Cosa c’è nell’accordo Netflix-Obama
Il legame tra Netflix e gli Obama è reale ma lontano dalla centralizzazione culturale descritta dagli influencer. Higher Ground ha prodotto documentari come American Factory, vincitore dell’Oscar, Becoming e film come Leave the World Behind o Rustin.
Resta però una parte marginale del catalogo dello streamer, i cui titoli più popolari (da Squid Game a Stranger Things), non hanno alcun rapporto con la produzione dell’ex presidente e della moglie.
Al centro delle critiche c’è anche la percezione degli ambienti conservatori che Netflix favorisca una narrazione progressista nei suoi contenuti, sia per la visibilità data a personaggi LGBTQ+ sia per scelte di casting interpretate come segnali di inclusività.
È una lettura che ha alimentato più volte campagne politiche contro la piattaforma, indipendentemente dal fatto che i dati di catalogo mostrino eterogeneità di generi, sensibilità e autori.
Anche l’espansione di Higher Ground è stata diversificata: la società ha prodotto contenuti anche per Disney e ha siglato un accordo con Spotify per la realizzazione di podcast.
La partita regolatoria e il ruolo di Trump
Se la dimensione culturale domina la battaglia online, quella regolatoria è molto più complessa.

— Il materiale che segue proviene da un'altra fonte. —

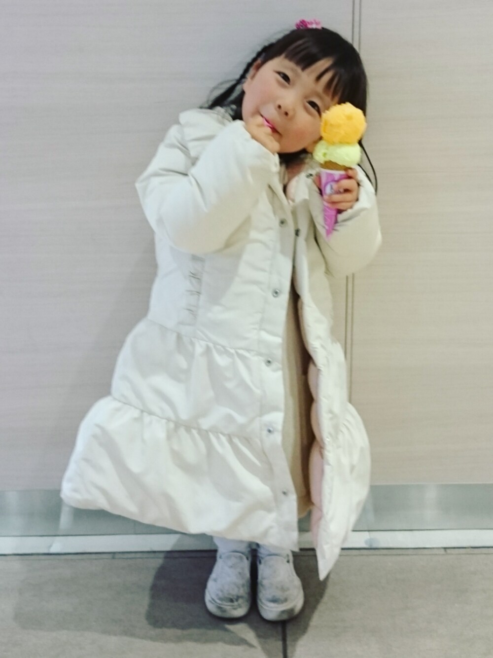 ダウンコートコーデ💙 インナーはベージュのワンピにホワイトタイツを着ています🎵 初めて表参道に行きました✨ ゆんちゃん、SHOPの前にいるぬいぐるみの犬にビビってました(笑)いっぱい歩いて疲れた~💦 地元着いてからはいつものお決まりの寒いのにサーティワンアイスクリーム🍨幸せそうです🎵 今日も見てくださりありがとうございます☺✨
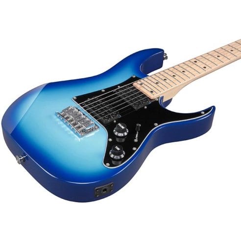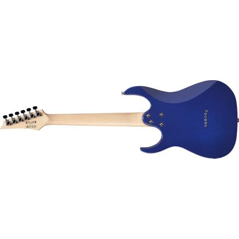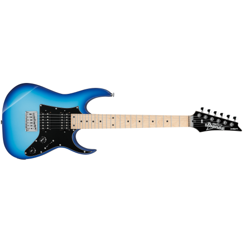 IBANEZ GRGM21M-BLT è una chitarra elettrica solid body a scala ridotta, modello Ibanez GIO Mikro GRGM21M con corpo in Pioppo, manico in Acero, tastiera in Acero a raggio 16” con 24 tasti Medium ed intarsi Black Dot, capotasto da 41mm in plastica PPS, hardware Chrome, meccaniche pressofuse e ponte fisso Ibanez F106. L’elettronica a configurazione HH, consiste in 2 pickup Humbucker Ibanez Infinity R Passive/Ceramic al ponte e al manico, con controllo Master Volume, controllo Master Tone e selettore pickup a 5 vie.
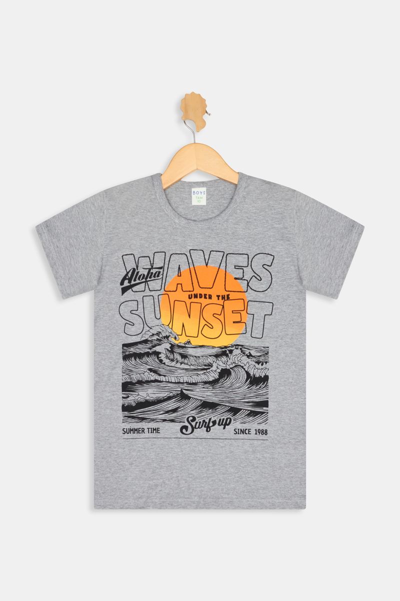 meia malha 100% algodão, garante maciez e durabilidade. Com estampa exclusiva de surfe e pôr do sol, é a
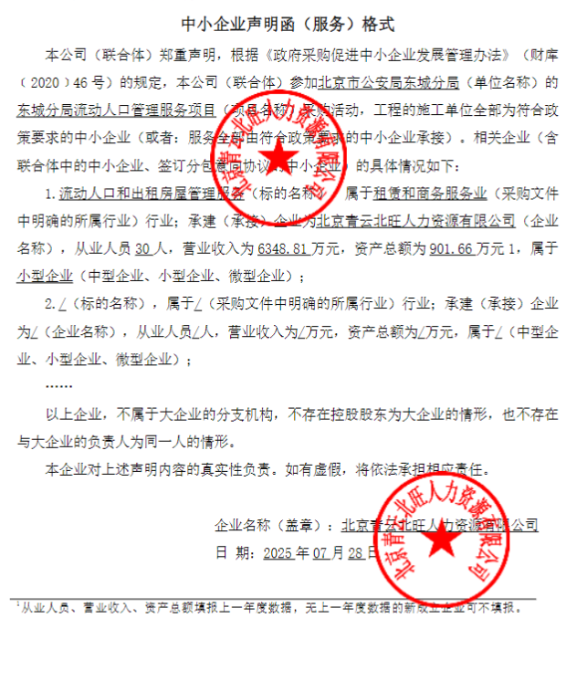 | 北京青云北旺人力资源有限公司 | * | ****.***万元 | ****.***万元 | 详见采购需求 |

Negli Stati Uniti, acquisizioni di queste dimensioni richiedono una revisione dell’antitrust che analizza l’impatto sulla concorrenza nel mercato dei media e dello streaming.

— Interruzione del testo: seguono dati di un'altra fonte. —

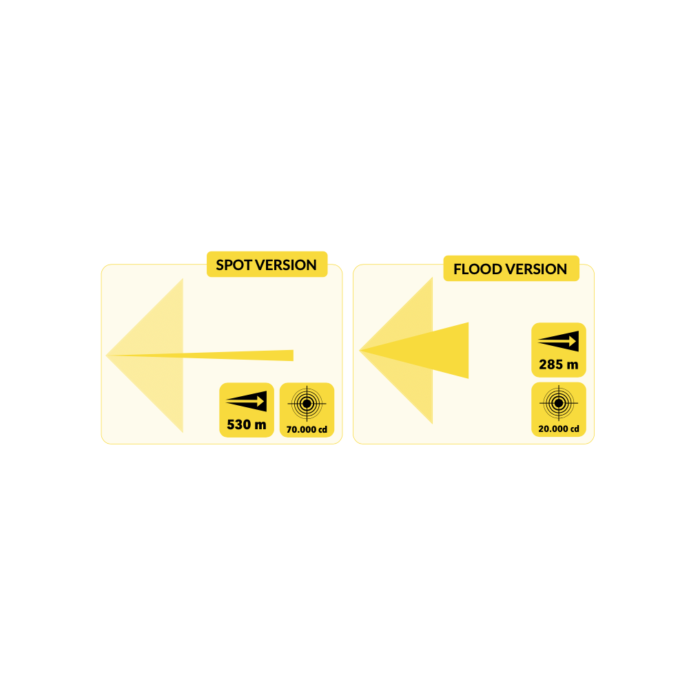 Světelný zdroj: 70.000 cd (Spot) / 20.000 cd (Flood) / 500 lm
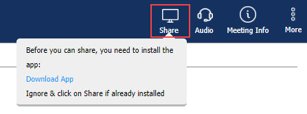 The MiCollab Audio, Web and Video Conference page opens. Click Share in the Web Client.
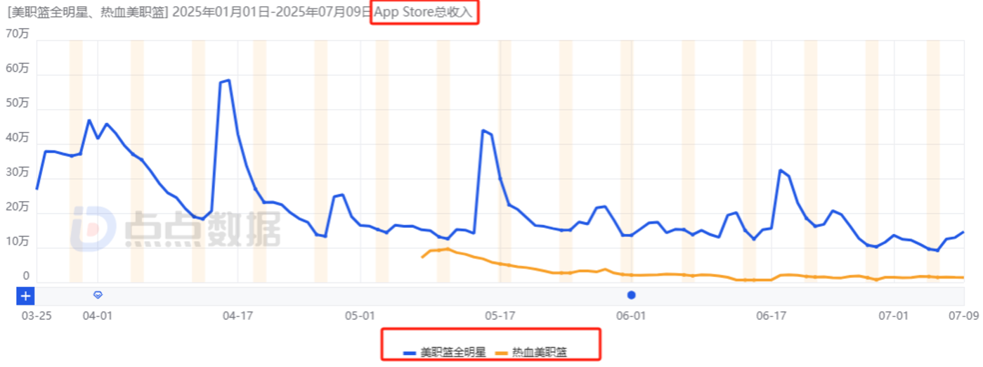 需要注意的是,作为用户较为垂直的竞技篮球赛道,除了《美职篮全明星》,腾讯还在今年5月8日推出了《热血美职篮》,但后者的市场表现明显乏力,当前月流水仅为350万,不到前者的十分之一。而参考网易《全明星街球派对》的发行节奏,预估《美职篮全明星》大概率会出海。
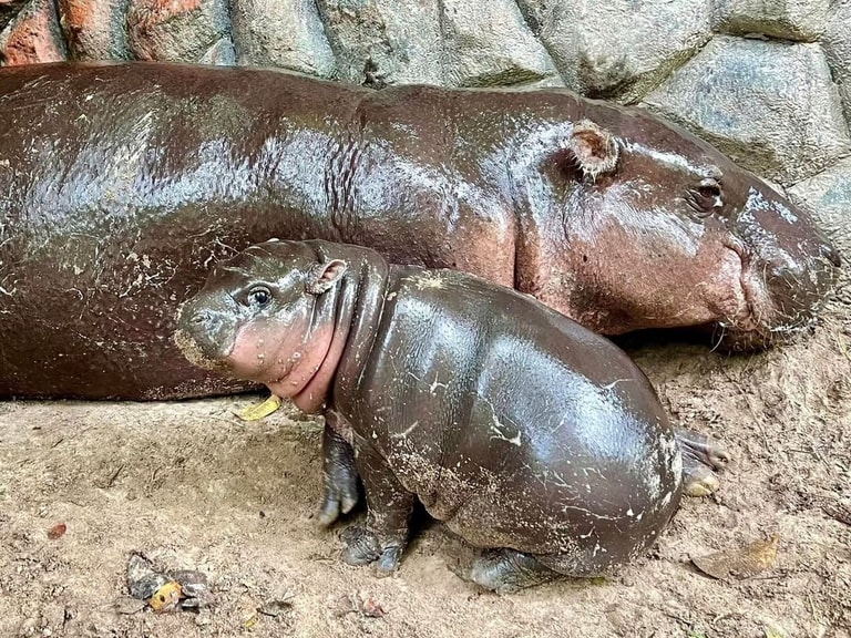 泰國綠山野生動物園(Khao Kheow Open Zoo)公開兩個月大的侏儒河馬寶寶「彈跳豬」(Moo-Deng),因呆萌外表和活潑性格在社群上迅速爆紅,甚至掀起「河馬腮紅妝容」熱潮。

Trump ha dichiarato che “vuole fare la cosa giusta”, ma ha anche ammesso che la posizione dominante di Netflix potrebbe essere “un problema”, lasciando intendere che seguirà la vicenda in prima persona.
Nel frattempo, Paramount Skydance ha rilanciato con un’offerta parallela, presentandola come più semplice da approvare proprio per via dei suoi legami politico-finanziari. E tra i sostenitori c’è Jared Kushner, genero di Donald Trump, oltre ai fondi sovrani del Golfo.
L’intreccio tra politica, affari e percezioni pubbliche sta aggiungendo ulteriore complessità alle notizie di queste ore. Il fatto che la controfferta alternativa sia sostenuta da entità vicine a Trump (senza dimenticare che Paramount fa capo alla famiglia Ellison, a lui storicamente legata), alimenta interrogativi su quanto il presidente possa trovarsi in una posizione incidentalmente favorevole alla rete di alleati che gli ruota attorno.
E la mobilitazione improvvisa della base MAGA contro Netflix solleva domande sulla spontaneità di questa pressione. Questa ondata di dissenso tra la base del suo elettorato, offre infatti a Trump la possibilità di presentare un suo eventuale intervento nella trattativa come una risposta al “sentire popolare”, pur muovendosi in un quadro che avvantaggia interlocutori a lui vicini.
Il risultato è che un’operazione già enorme sul piano industriale sta assumendo sempre di più i contorni di una battaglia politica. E che la Casa Bianca sarà inevitabilmente chiamata a decidere tra due visioni opposte di cosa debba essere il mercato dell’intrattenimento americano.